Specifically, he finds that testosterone has limited his ability to physically cry as he once did, and instead has increased his aggressiveness. When I first encountered these testimonials of his about how women are biologically predisposed to cry and men to fight, something in me tightened. My initial reaction was to get defensive and to wonder how a text that I thought would be so feminist could so blatantly reinforce traditional gender stereotypes. Then I remembered that there are grains of truth in most stereotypes, and that what was important was to not overcompensate by trying to make the argument that not all women cry at the drop of a hat, or that men can cry, but rather to respect and honor Valerio's experiences. In this way, The Testosterone Files, has been invaluable to me in challenging my understanding of myself as a feminist, gently helping me to grow further into the kind of feminism that inspired me from the beginning--one that not only prized difference, but saw our power coming from those very differences (thanks Audre Lorde!).

As I said earlier, however, despite the ways in which The Testosterone Files added to my knowledge and understanding of another man's transformation, I was disappointed that race wasn't a more central issue throughout the text.
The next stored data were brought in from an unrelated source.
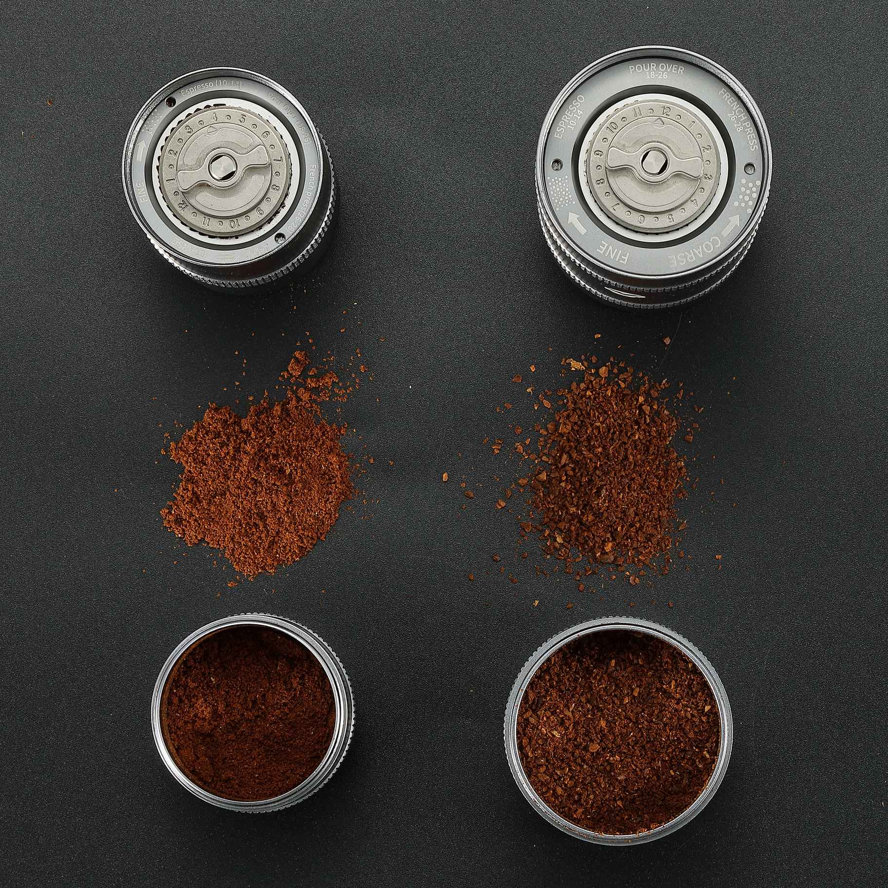 挽き目の違いが一目でわかる設計。抽出器具に合わせて粒度を再現しやすく、幅広いコーヒースタイルに対応します。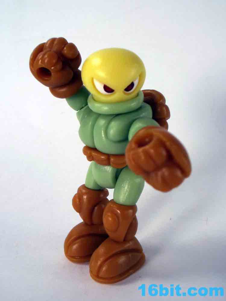 Behold, the MVR Standard Noboto! Like his series mate Gobon, it's the first "standard" Noboto and due to the three colors of plastic used, he was joined by two brothers made from the leftover pieces. The standard Noboto has a yellow head with white eyes (the only Noboto with more or less normal whites of his eyes), brown hands and feet, and a brown belt over a green body. It's certainly an unexpected color combination, but it works.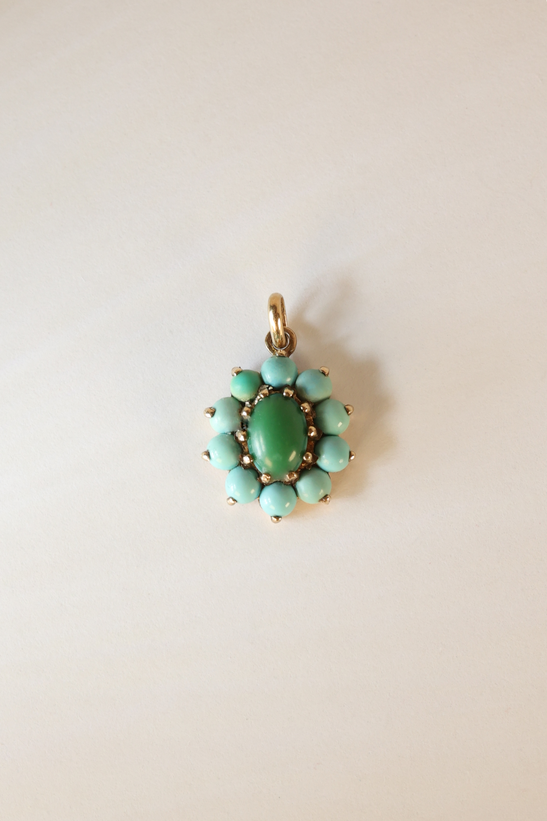 Vintage Turquoise Flower Charm 9K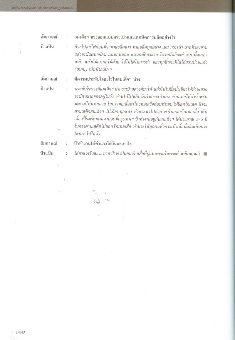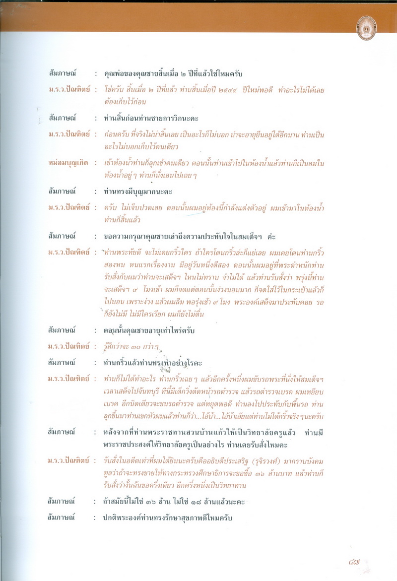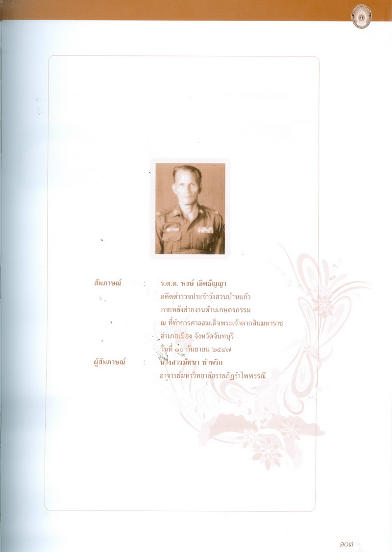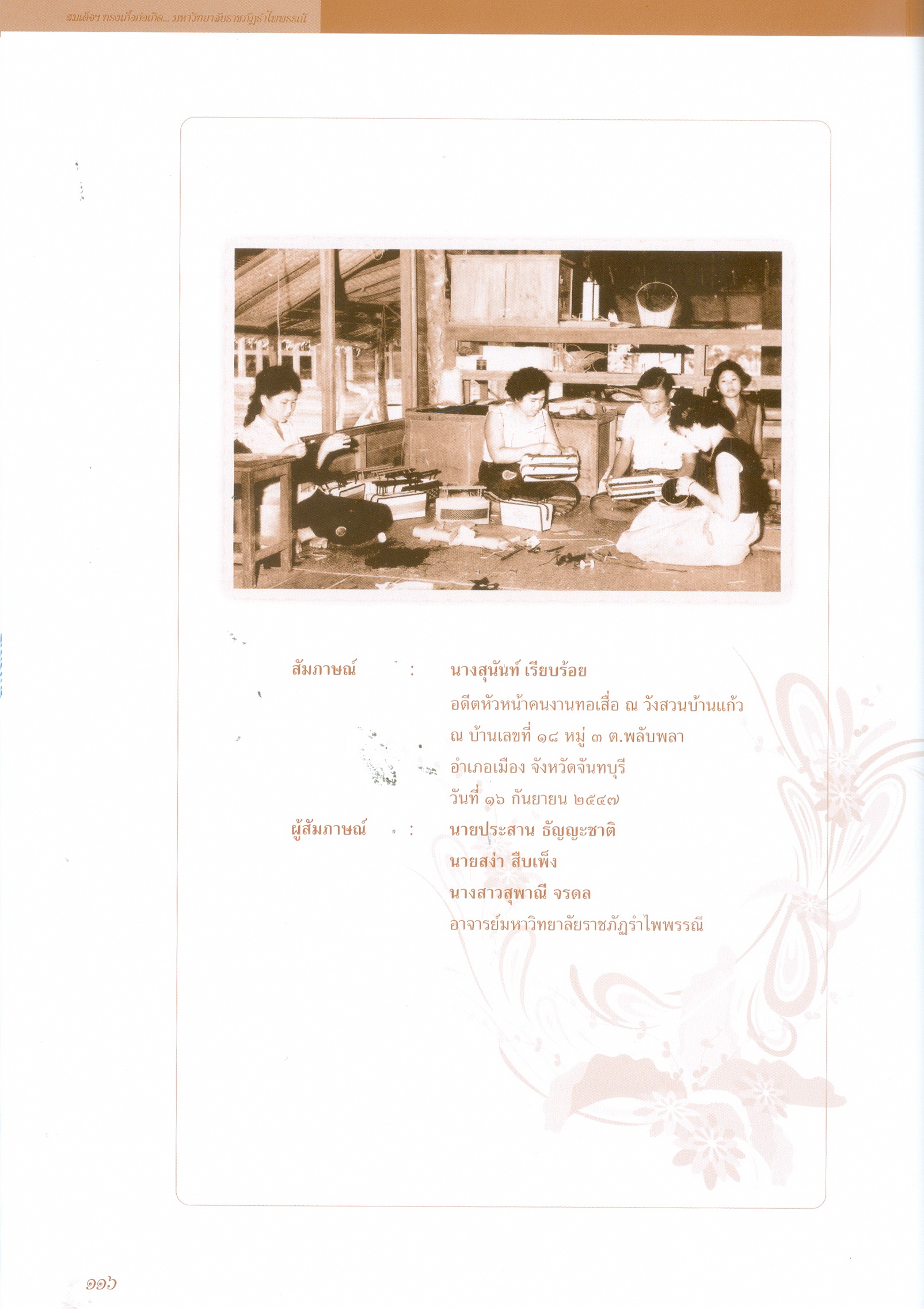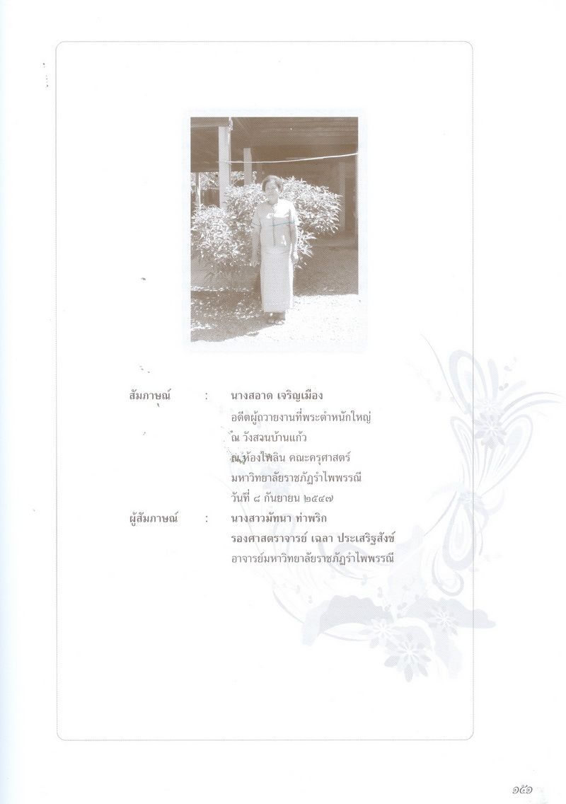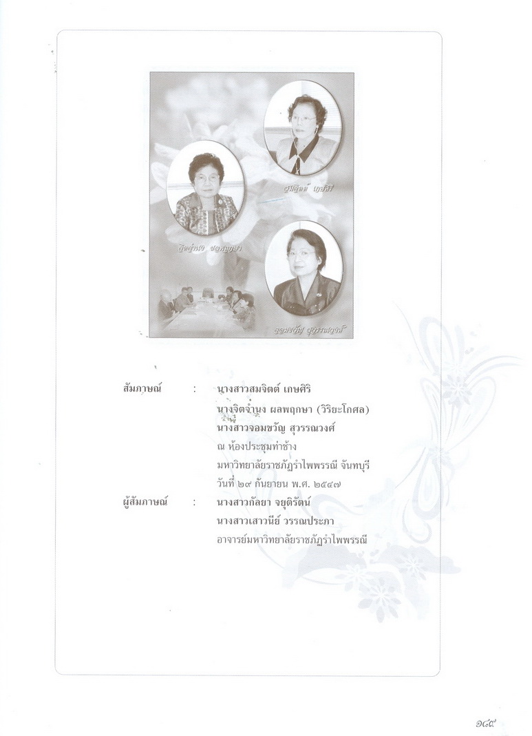- เป็นพระราชประวัติ สมเด็จพระนางเจ้ารำไพพรรณี พระบรมราชินีในรัชกาลที่7 ในลักษณะข้อมูลประวัติศาสตร์บอกเล่า โดยเริ่มตั้งแต่พระราชสมภพ เสด๊จไปประทับที่พระตำหนักสวนสี่ฤดู ทรงอภิเษกสมรสกับพระบาทสมเด็จพระปกเกล้าเจ้าอยู่หัวรัชกาลที่7 และประทับอยู่ที่พระตำหนักวังศุโขทัย มีการเปลี่ยนแปลงการปกครองพระราชสวามีเสด็จสวรรคต สวนบ้านแก้ว และประทับ ณ วังศุโขทัยจวบจนเสด็จสวรรคต ต่อจากนั้นเป็นบทสัมภาษณ์พระประยูรญาติในฐานะที่ปรึกษา การจัดการหนังสือ สัมภาษณ์บุคลาผู้ถวายงานสมเด็จพระนางเจ้ารำไพพรรณี ณ จังหวัดจันทบุรี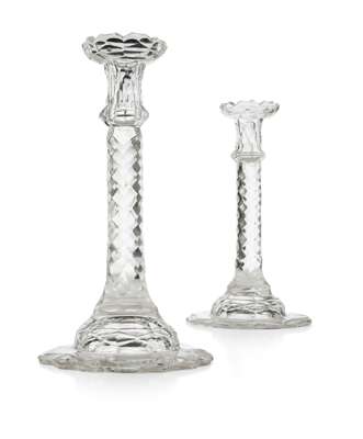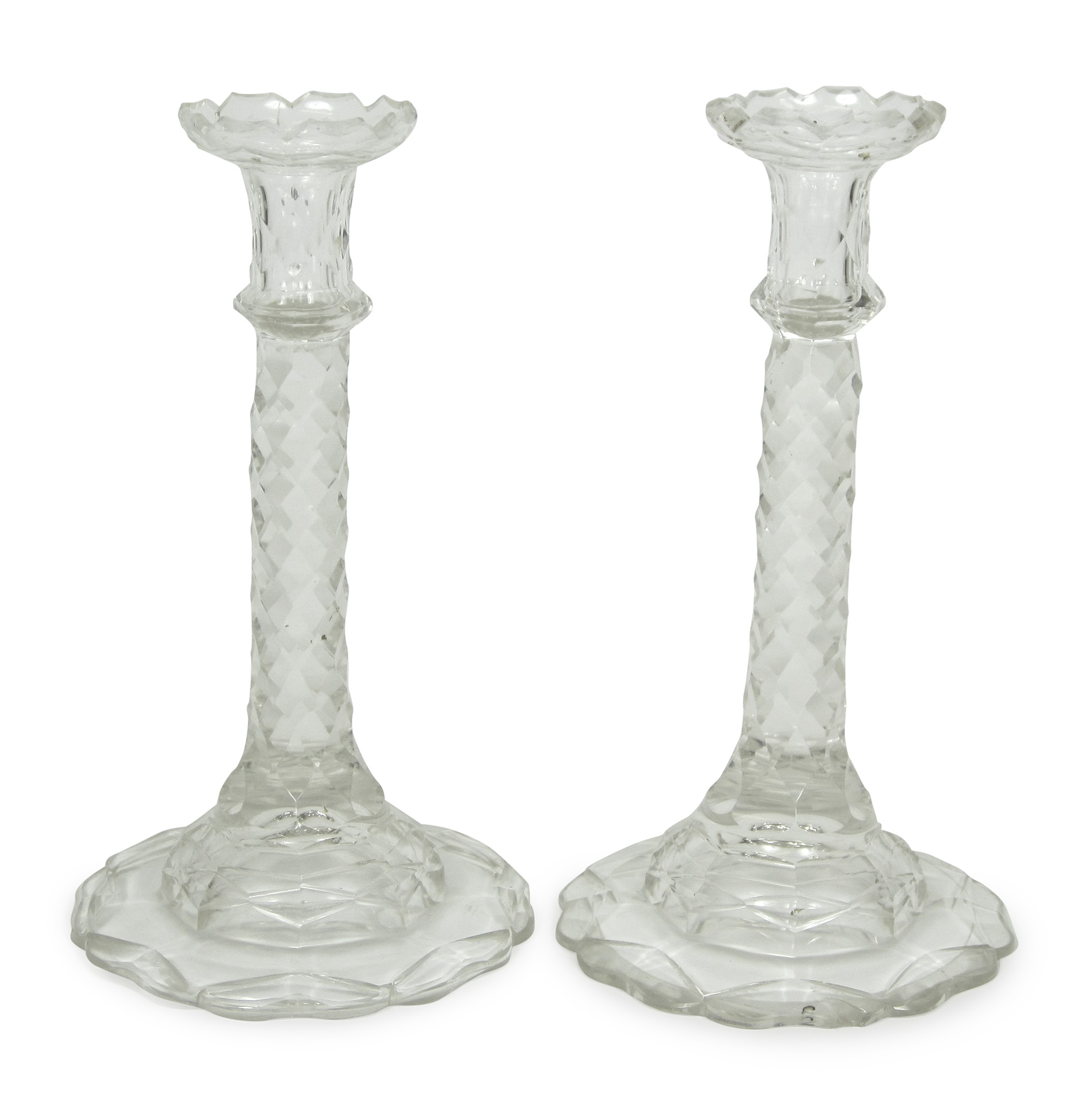 PAIR OF ANGLO-IRISH CUT GLASS CANDLESTICKS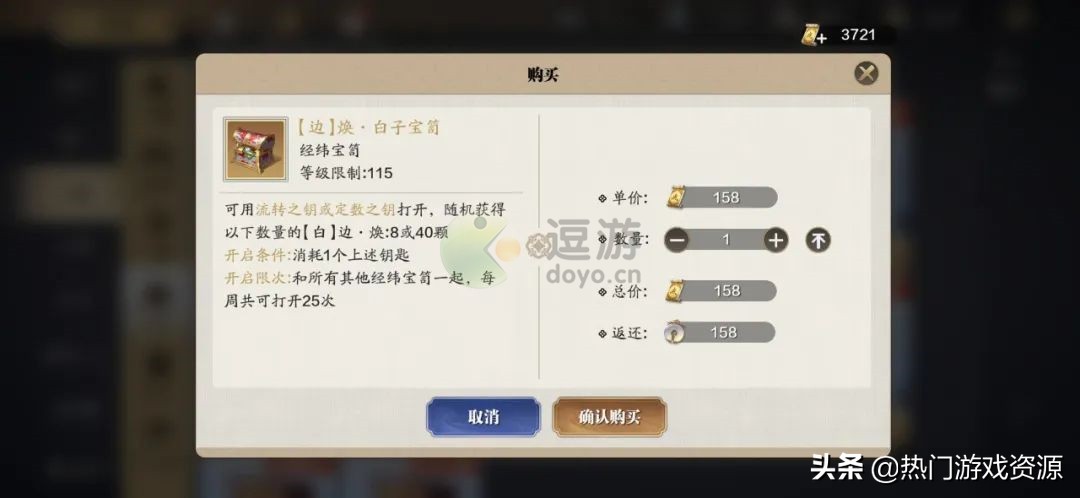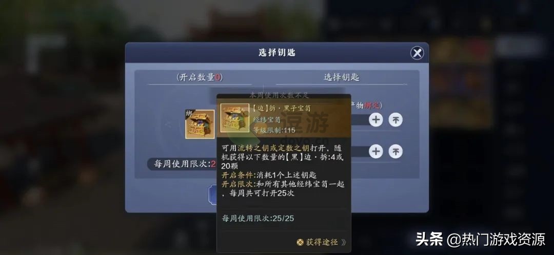 2.开启方式:开经纬箱子的钥匙和开琅纹的钥匙是同一种,每周使用上限25把,和琅纹分开计算。在大帮会随着钥匙的需求增多,分红又多了一些。

There are moments when Valerio writes about his Native heritage, about his mother and being on the reserve, about passing as white at some times, and Latino at others, but these are but moments, and conversations about race don't seem to be sustained throughout.

In the end, I feel like the book Valerio wanted to write about was about testosterone above all else. In that respects, he succeeded. The book I wanted Valerio to have written was about negotiating racial and feminist consciousness and politics in a context of FTM transition. I recognize that my disappointments in The Testosterone Files are not Valerio's failings, but rather signs of my own longings.